= Sobe (sister of Saint Anne) =

Sister of St. Anne, aunt of St. Mary

Sobe, also known as Sovin, was the mother of St. Elizabeth and sister of St. Anne.

The Bible records only that Elizabeth was a descendant of Aaron and a cousin (or relative) of Mary. The name of Sobe first appears in writings of about the 8th century by Hippolytus of Thebes, Andrew of Crete, and Epiphanius Monachus, and later in Nicephorus Callistus and Andronicus. All recount essentially the same passage, given by the last two as follows:

There were three sisters of Bethlehem, daughters of Matthan the priest, and Mary his wife, under the reign of Cleopatra and Sosipatrus, before the reign of Herod, the son of Antipater: the eldest was Mary, the second was Sobe, the youngest's name was Anne.
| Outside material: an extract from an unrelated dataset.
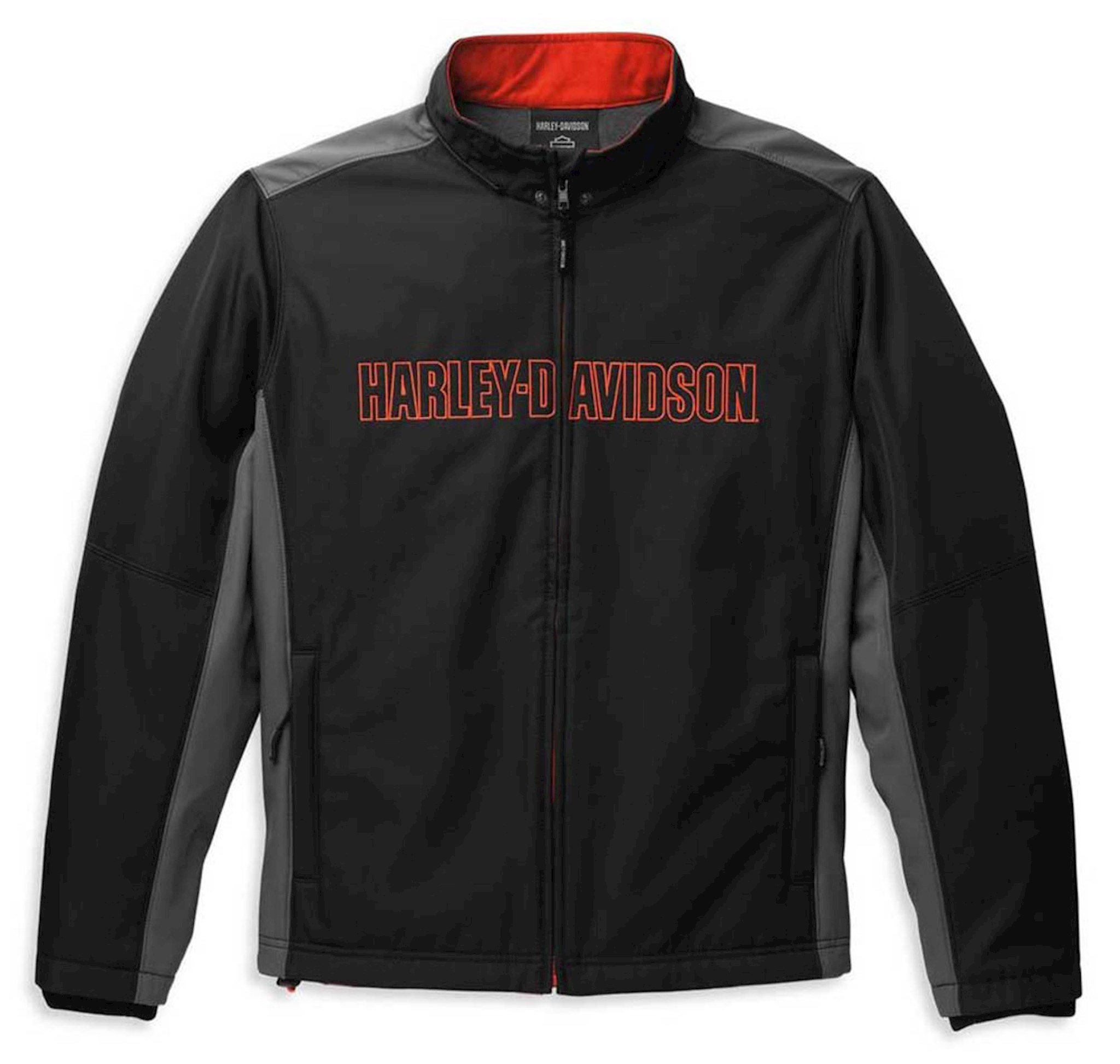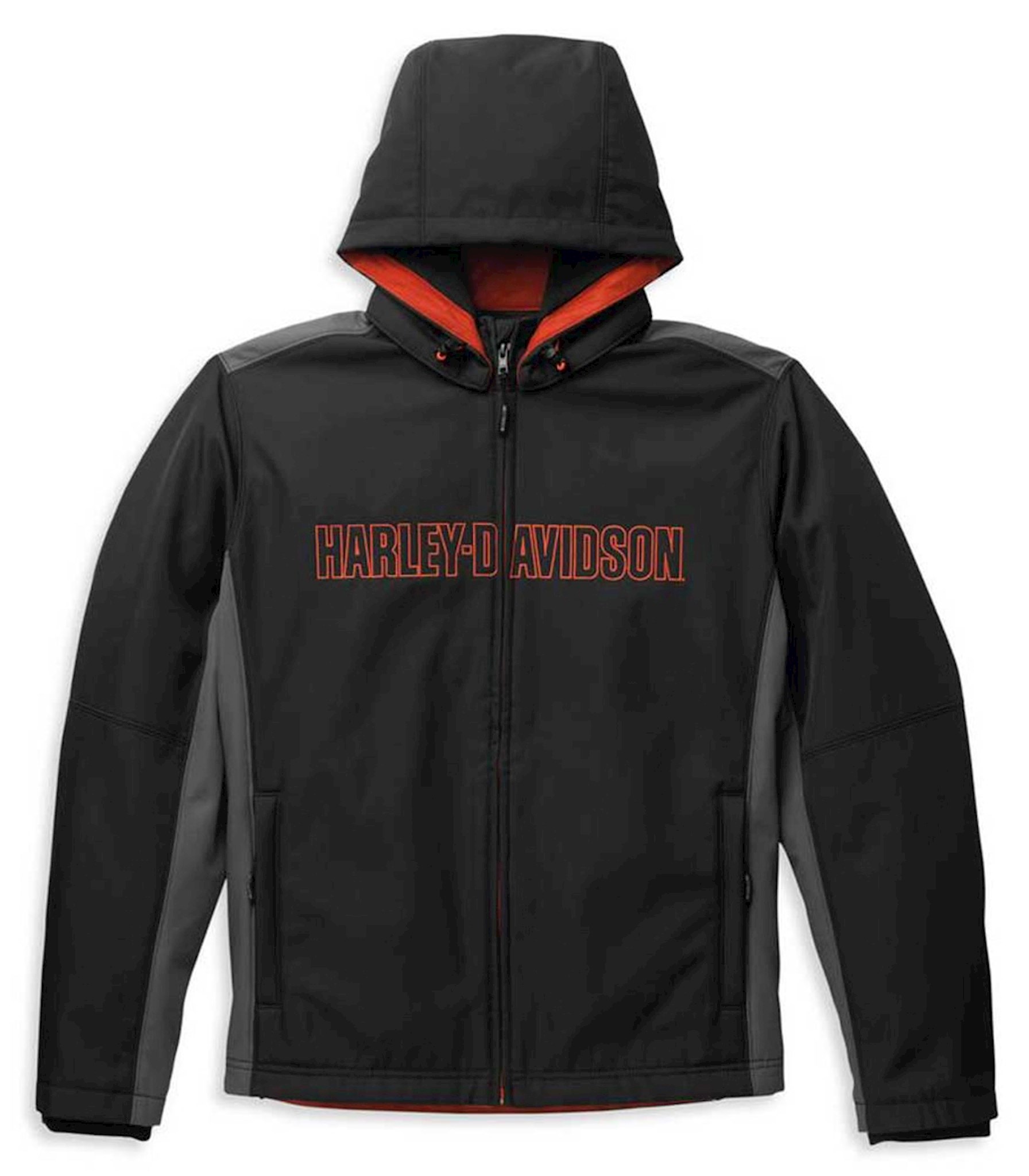 Harley-Davidson® Men's Bar & Shield Hooded Softshell Jacket - Black, 98403-22VM. Made from 100% woven polyester. Crafted from a windproof cut of woven polyester with a removable hood and toggle cord waistband. In addition to its wind-blocking features, this jacket is styled with a pop of contrast from its side panels, back yoke, and inside collar. Zippered front and zippered hand-warmer pockets. Embroidered graphic on front and back.

The eldest being married in Bethlehem, had for daughter Salome the midwife; Sobe the second likewise married in Bethlehem, and was the mother of Elizabeth; last of all the third married in Galilee, and brought forth Mary the mother of Christ.

The 19th-century mystic Anne Catherine Emmerich claims that according to her visions (which give a detailed genealogy of Mary), Sobe was a sister of Anne, but the mother of Elizabeth was Emerentia, Sobe and Anne's maternal aunt.